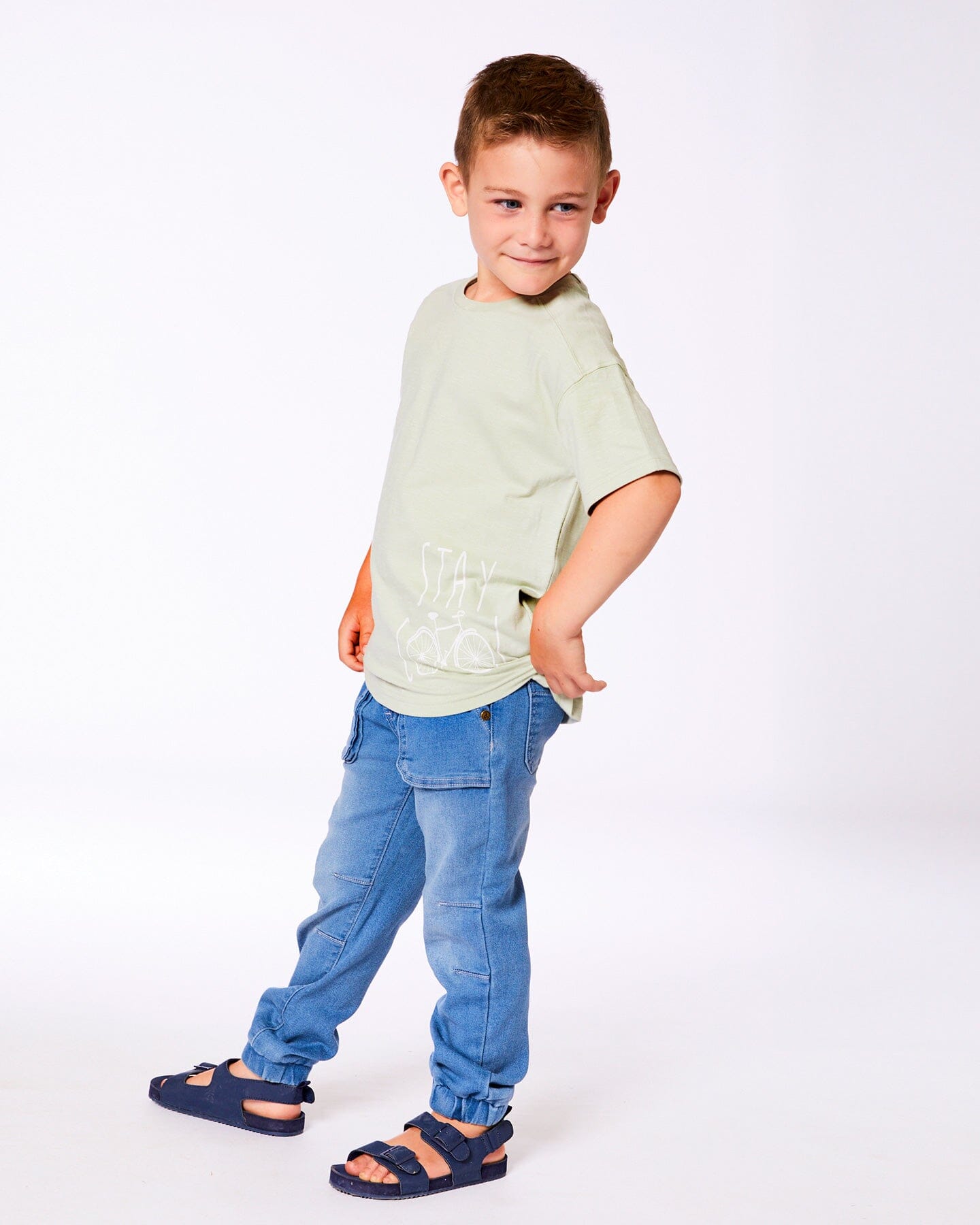 He'll look oh-so-cool this spring and summer in our Short Sleeve Graphic Tee Sage. This tee is made from soft stretch cotton and features a relaxed fit with short sleeves, a crew neckline, and forward shoulder seams. A cool bike print at the hem adds playful, distinctive style!
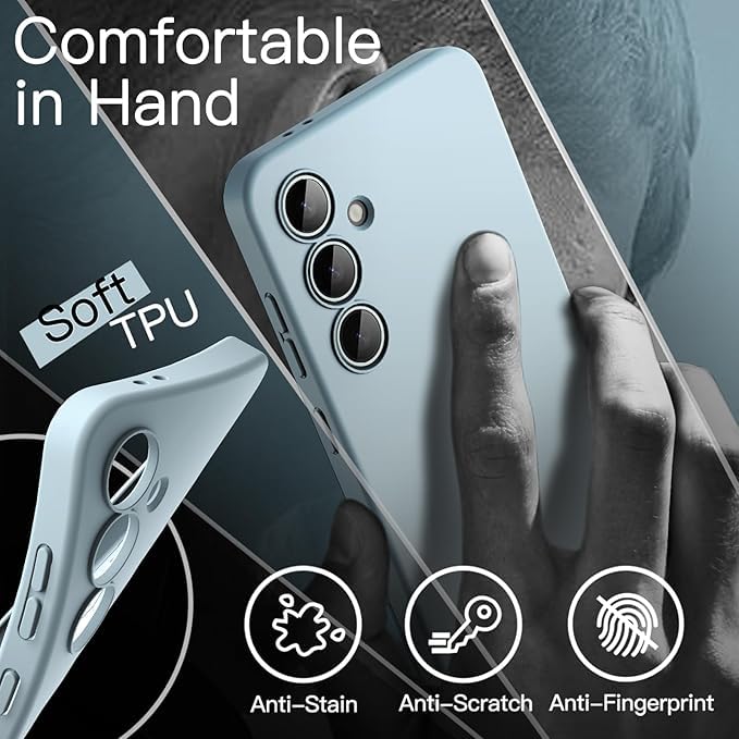 ELMO3EZZ - جراب حماية رفيع مضاد للخدش والصدمات مع بطانة من المايكروفايبر متوافق مع موبايل سامسونج جالاكسي S24 FE مقاس 6.7 بوصة (لون أزرق فاتح)
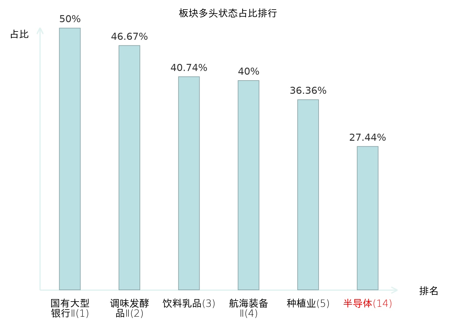 全市场所有行业板块中主力多头状态占比排名中,国有大型银行Ⅱ板块位居第一。金属新材料板块名次提升最快,较昨日上升71位。
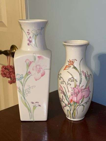 LOT 121UPa - Pair of beautiful oriental influenced ceramic vases…..left is 10-1/4 tall and right is 8” tall…..both are Made in Japan
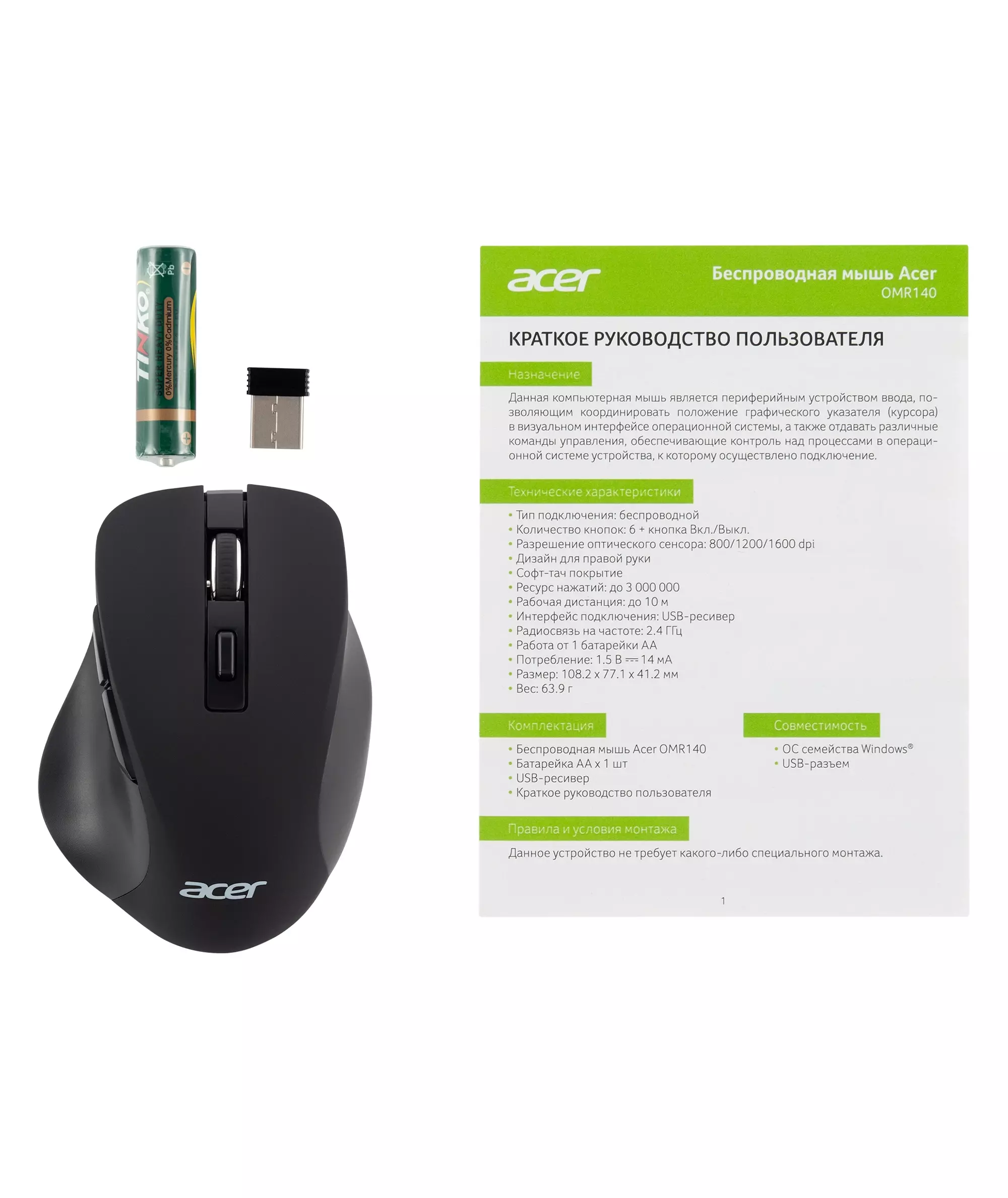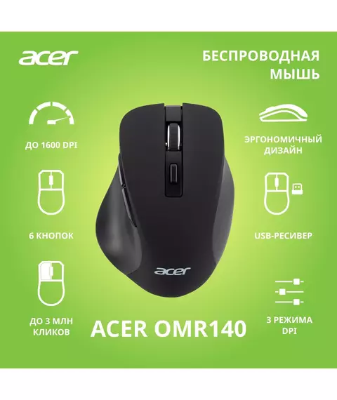 Мышь Acer OMR140 черный оптическая 1600dpi беспров. USB 6but [ZL.MCEEE.00G]
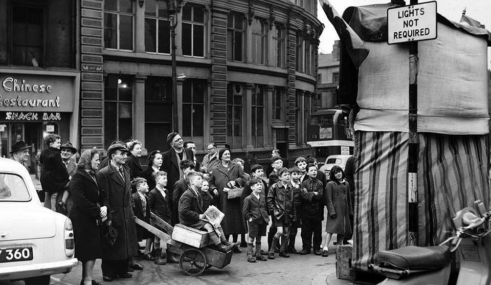 This photographs shows the Reverend Brown watching a Punch & Judy show on Lime Street in 1957.

--------------------------------

■ **WORK REQUIRED**
Transcribe every line from the one containing "全市场所有行业板块中主力多头" to the end of the listing, exactly and exclusively. Do not carry any picture over.

■ **OUTPUT OF THE EXERCISE**
 全市场所有行业板块中主力多头状态占比排名中,国有大型银行Ⅱ板块位居第一。金属新材料板块名次提升最快,较昨日上升71位。
 LOT 121UPa - Pair of beautiful oriental influenced ceramic vases…..left is 10-1/4 tall and right is 8” tall…..both are Made in Japan
 Мышь Acer OMR140 черный оптическая 1600dpi беспров. USB 6but [ZL.MCEEE.00G]
 This photographs shows the Reverend Brown watching a Punch & Judy show on Lime Street in 1957.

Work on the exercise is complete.